Our South Asian psyche has somehow become wired to the fact that ‘dark skinned’ are bad and that the ‘fair skinned’ are to be trusted. We cannot help it. My best friend’s mother, a sweet unassuming woman, once told me that “if she saw a black man driving a Mercedes Benz, he must be a drug dealer. There’s no way that he could have earned that legitimately”. This is not the opinion of some nationalist bigot but of someone who is mainstream, educated and tolerant (as far as I know her), yet capable of holding such a view.

This is a paradox. If history is to be understood and learnt from, it was actually the fair skinned colonial invaders who were not to be trusted, stealing the resources and manipulating the internal politics of the countries they invaded. The litmus test once again is marriage, that most sacred of personal institutions within South Asian culture, religion and traditions.
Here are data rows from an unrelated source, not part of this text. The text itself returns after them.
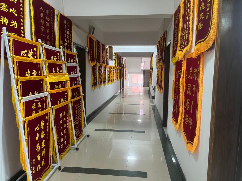 在武漢市公安局青山區分局紅衛路街派出所,群眾送給胡永鵬的致謝錦旗掛滿(mǎn)了走廊墻壁。(武漢市公安局青山區分局提供)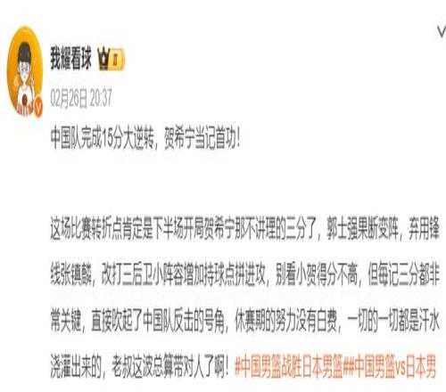 大V認(rèn)為這場(chǎng)比賽中國(guó)隊(duì)能完成15分逆轉(zhuǎn)賀希寧當(dāng)記首功,下半場(chǎng)開(kāi)局賀希寧不講理的三分讓郭士強(qiáng)改變陣容直接棄用了鋒線的張鎮(zhèn)麟改打三后衛(wèi)。 《半島都市報(bào)》、青島男籃隨隊(duì)記者杜金城賽后也表示,中國(guó)男籃這場(chǎng)比賽之所以能逆轉(zhuǎn),賀希寧、趙繼偉兩人居功厥偉,這兩人就是首功。 |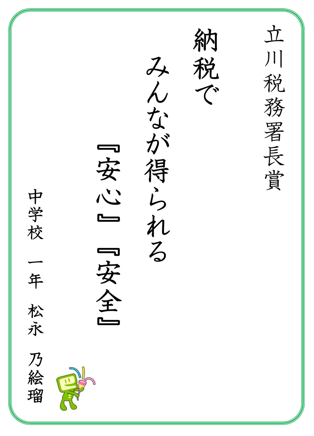 将来が楽しみな小・中学生のみなさんが、身近に感じた税について自ら調べ、理解したことを作品として表現しました。税に関心を持ち、正しく理解していくきっかけとなる、非常に意義のある取り組みですね。筆者自身も多くの学びをいただきました。税務署長賞を受賞された皆さん、本当におめでとうございます!

Contrast the backlash that would come if a South Asian brought home a Caucasian partner as opposed to someone from the Afro Caribbean community as their prospective marriage partner!

The irony is that there would be as much if not more backlash if someone brought home a partner from the same country but of a different caste / socio economic status / ethnicity / religion. This is the second part of the hypocrisy of those supporting BLM from South Asia.

World over, BLM has become a poster child for the indignity and mistreatment that members of minority communities feel in their own countries. For many minorities, they identify with the BLM movement because in their countries they are the ‘black’ community in terms of how they are treated and perceived. Currently, South Asia has been rocked by violence and xenophobic rhetoric against minorities at a level that has largely been unprecedented. For example, in countries like India and Sri Lanka the rhetoric and violence, often with state complicity, against the Muslim community over the last year has been well documented. COVID-19 added another layer of complexity where mainstream media was used to blame a community for its spread. As such, the rise in Islamophobia in these two countries is at an all-time high. Yet what has been deafening has been the silence of those celebrities and other BLM supporters who either are complicit in their support for what has happened at their doorsteps or are not bothered because it is not trendy. The same has to be said in Pakistan and Bangladesh for the treatment of their Hindu and Christian minorities.

This hypocrisy needs to be called out: if you support BLM because of the injustice faced by the black community in Europe and North America, then you need to speak out against what is happening to the Muslim and other minority communities in your own countries. That is the message and the lesson of BLM--not to appear on social media with a statement. That hypocrisy will be called out.

Seventy plus years after ‘independence’ in South Asia we are somehow still in need of decolonisation of our minds, away from the attraction of the ‘white’ skin and mind. This decolonisation of the mind posits the notion that diversity in our countries is a fact. We have always had them and they have always strengthened us, despite what our colonial masters taught us. If diversity is a fact, then inclusion is an act. This is ultimately what BLM stands for. This is what, if we are sincere about it, we need to push for in South Asia.

(Amjad Mohamed Saleem  is a political scientist with extensive knowledge and experience on peace building, humanitarian affairs and development work.  He has a particular interest on interfaith conflict resolution and a focus on South Asia.  He has worked for different international organisations on peace building and humanitarian action).